SOURCE DATA —
----------
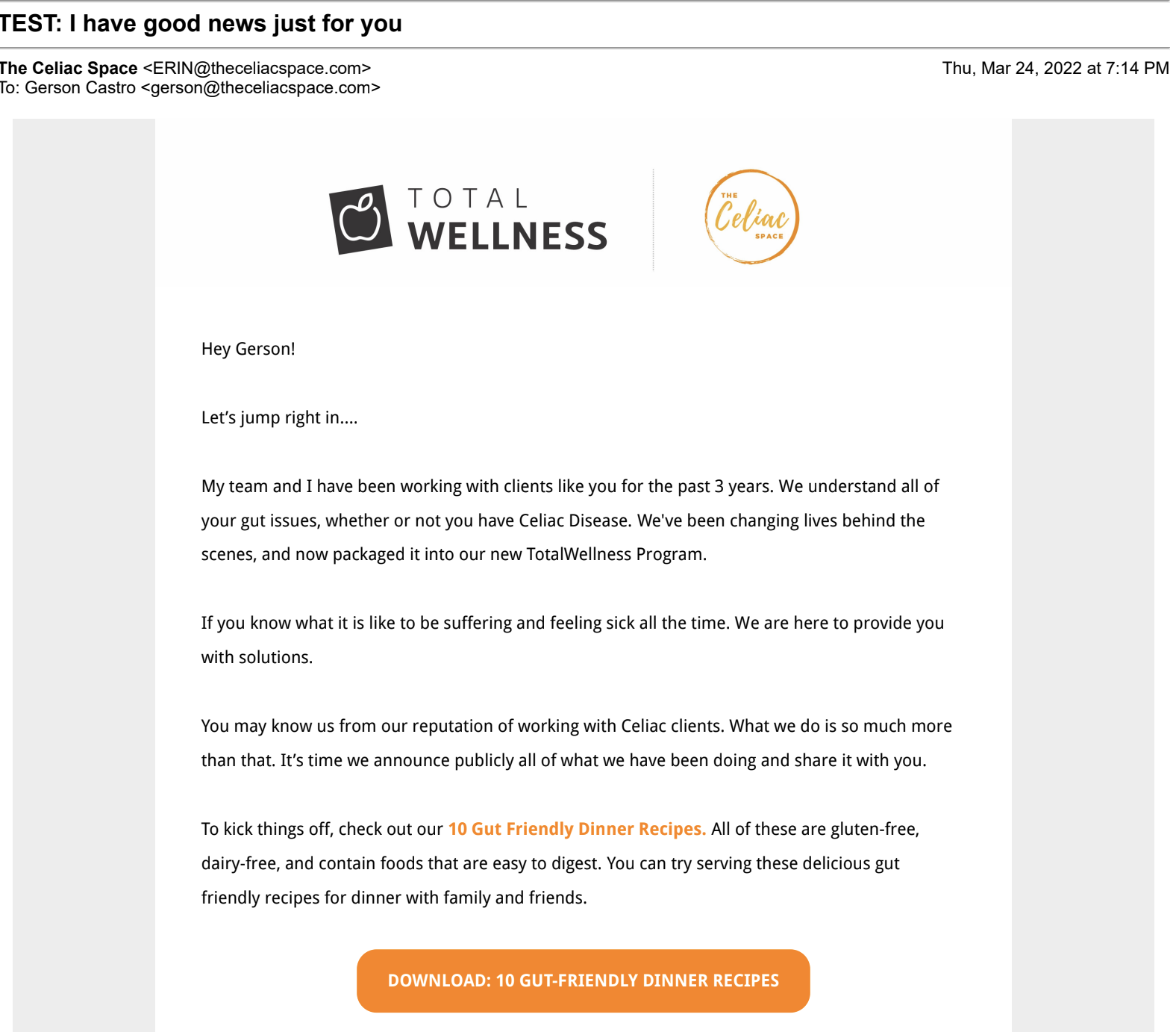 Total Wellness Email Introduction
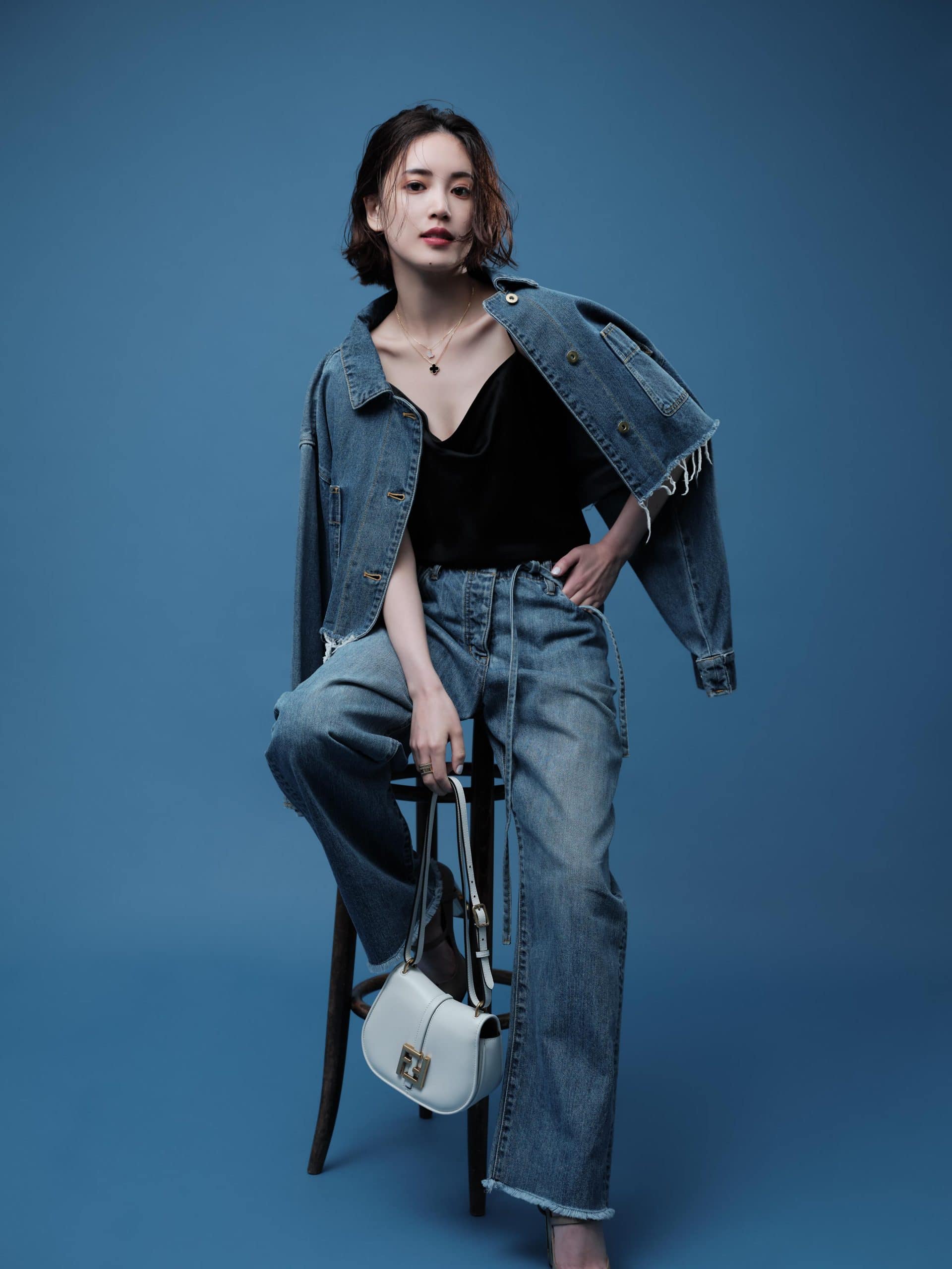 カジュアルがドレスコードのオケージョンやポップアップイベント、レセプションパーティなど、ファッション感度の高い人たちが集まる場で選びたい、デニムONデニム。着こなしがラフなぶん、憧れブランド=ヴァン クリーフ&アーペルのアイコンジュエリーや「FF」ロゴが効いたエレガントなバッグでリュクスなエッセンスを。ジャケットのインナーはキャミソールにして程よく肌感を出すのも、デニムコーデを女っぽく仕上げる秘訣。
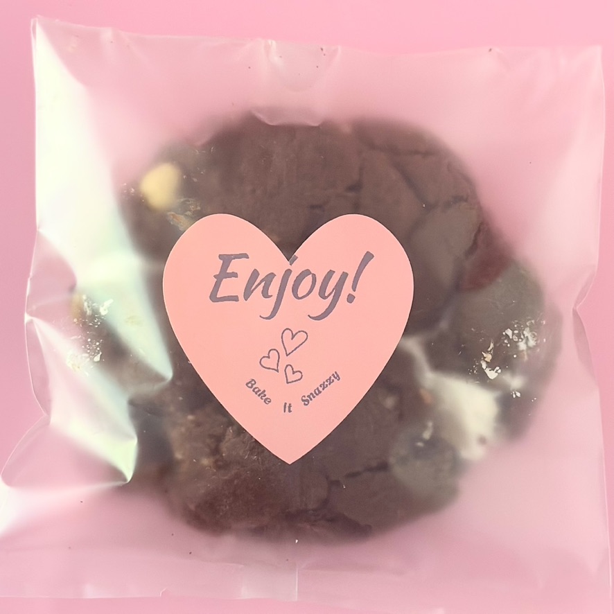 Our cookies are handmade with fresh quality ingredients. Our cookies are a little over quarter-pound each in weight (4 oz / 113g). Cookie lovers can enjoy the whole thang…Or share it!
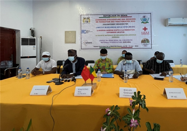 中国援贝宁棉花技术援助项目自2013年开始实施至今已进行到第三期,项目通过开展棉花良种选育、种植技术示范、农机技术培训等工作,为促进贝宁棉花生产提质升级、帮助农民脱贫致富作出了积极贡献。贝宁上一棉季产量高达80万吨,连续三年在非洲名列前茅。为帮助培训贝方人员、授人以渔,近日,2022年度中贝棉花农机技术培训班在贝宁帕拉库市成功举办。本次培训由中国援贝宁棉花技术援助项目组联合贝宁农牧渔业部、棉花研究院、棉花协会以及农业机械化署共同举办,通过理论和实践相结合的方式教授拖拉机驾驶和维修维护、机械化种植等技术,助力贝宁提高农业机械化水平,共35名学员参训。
----------
PROBLEM TO WORK ON — Set down all the material exactly once more. No pictures.

EXERCISE RESULT —
 Total Wellness Email Introduction
 カジュアルがドレスコードのオケージョンやポップアップイベント、レセプションパーティなど、ファッション感度の高い人たちが集まる場で選びたい、デニムONデニム。着こなしがラフなぶん、憧れブランド=ヴァン クリーフ&アーペルのアイコンジュエリーや「FF」ロゴが効いたエレガントなバッグでリュクスなエッセンスを。ジャケットのインナーはキャミソールにして程よく肌感を出すのも、デニムコーデを女っぽく仕上げる秘訣。
 Our cookies are handmade with fresh quality ingredients. Our cookies are a little over quarter-pound each in weight (4 oz / 113g). Cookie lovers can enjoy the whole thang…Or share it!
 中国援贝宁棉花技术援助项目自2013年开始实施至今已进行到第三期,项目通过开展棉花良种选育、种植技术示范、农机技术培训等工作,为促进贝宁棉花生产提质升级、帮助农民脱贫致富作出了积极贡献。贝宁上一棉季产量高达80万吨,连续三年在非洲名列前茅。为帮助培训贝方人员、授人以渔,近日,2022年度中贝棉花农机技术培训班在贝宁帕拉库市成功举办。本次培训由中国援贝宁棉花技术援助项目组联合贝宁农牧渔业部、棉花研究院、棉花协会以及农业机械化署共同举办,通过理论和实践相结合的方式教授拖拉机驾驶和维修维护、机械化种植等技术,助力贝宁提高农业机械化水平,共35名学员参训。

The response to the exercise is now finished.